# Task description
Reproduce word for word, from the entries below, the line with "Begleitet wurde der", the line with "Абстрактный светящийся неоновый", and every line between them, and nothing more.
(Available data)
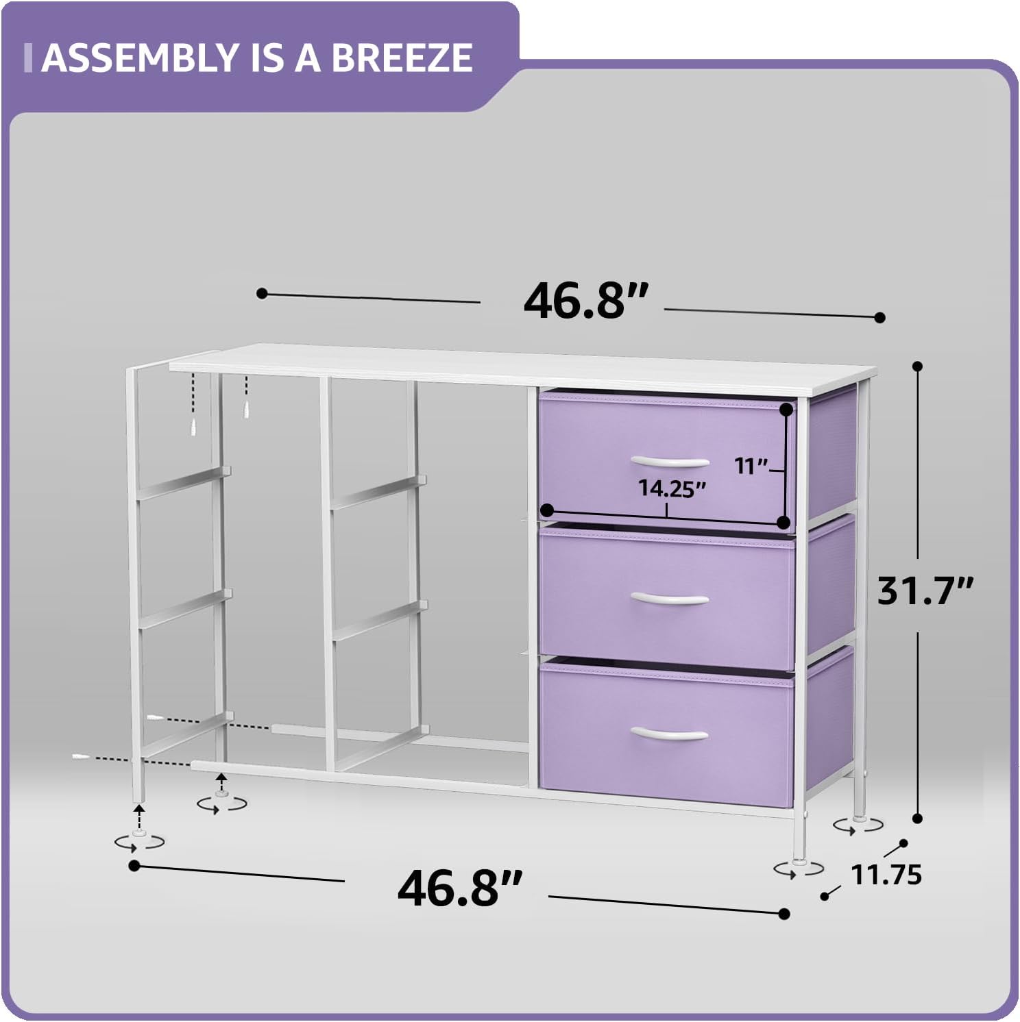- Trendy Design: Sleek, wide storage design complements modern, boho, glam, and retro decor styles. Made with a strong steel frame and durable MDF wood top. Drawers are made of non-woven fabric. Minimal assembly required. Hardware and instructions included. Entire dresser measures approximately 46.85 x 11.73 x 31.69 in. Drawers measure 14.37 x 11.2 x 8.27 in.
(End Available data)
(Available data)
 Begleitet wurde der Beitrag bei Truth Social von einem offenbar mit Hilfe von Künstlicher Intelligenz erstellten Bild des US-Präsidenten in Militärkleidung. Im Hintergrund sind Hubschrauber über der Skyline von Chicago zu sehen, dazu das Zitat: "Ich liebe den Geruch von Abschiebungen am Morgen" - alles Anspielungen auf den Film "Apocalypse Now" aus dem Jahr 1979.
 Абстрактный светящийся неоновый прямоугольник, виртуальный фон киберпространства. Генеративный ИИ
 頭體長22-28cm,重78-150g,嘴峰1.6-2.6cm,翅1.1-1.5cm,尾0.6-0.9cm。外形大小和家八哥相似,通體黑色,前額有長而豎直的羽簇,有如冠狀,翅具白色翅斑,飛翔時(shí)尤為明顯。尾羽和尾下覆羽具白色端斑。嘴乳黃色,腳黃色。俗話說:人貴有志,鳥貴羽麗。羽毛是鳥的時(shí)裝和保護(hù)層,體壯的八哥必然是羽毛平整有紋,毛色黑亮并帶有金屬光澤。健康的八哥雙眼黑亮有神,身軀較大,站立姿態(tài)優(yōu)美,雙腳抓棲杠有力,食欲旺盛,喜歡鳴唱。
(End Available data)
(Available data)
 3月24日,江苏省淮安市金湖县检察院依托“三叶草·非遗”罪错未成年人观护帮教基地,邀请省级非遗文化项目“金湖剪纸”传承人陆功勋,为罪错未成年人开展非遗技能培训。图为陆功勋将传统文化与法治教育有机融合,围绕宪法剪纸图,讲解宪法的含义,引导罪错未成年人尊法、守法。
(End Available data)
# Final answer
 Begleitet wurde der Beitrag bei Truth Social von einem offenbar mit Hilfe von Künstlicher Intelligenz erstellten Bild des US-Präsidenten in Militärkleidung. Im Hintergrund sind Hubschrauber über der Skyline von Chicago zu sehen, dazu das Zitat: "Ich liebe den Geruch von Abschiebungen am Morgen" - alles Anspielungen auf den Film "Apocalypse Now" aus dem Jahr 1979.
 Абстрактный светящийся неоновый прямоугольник, виртуальный фон киберпространства. Генеративный ИИ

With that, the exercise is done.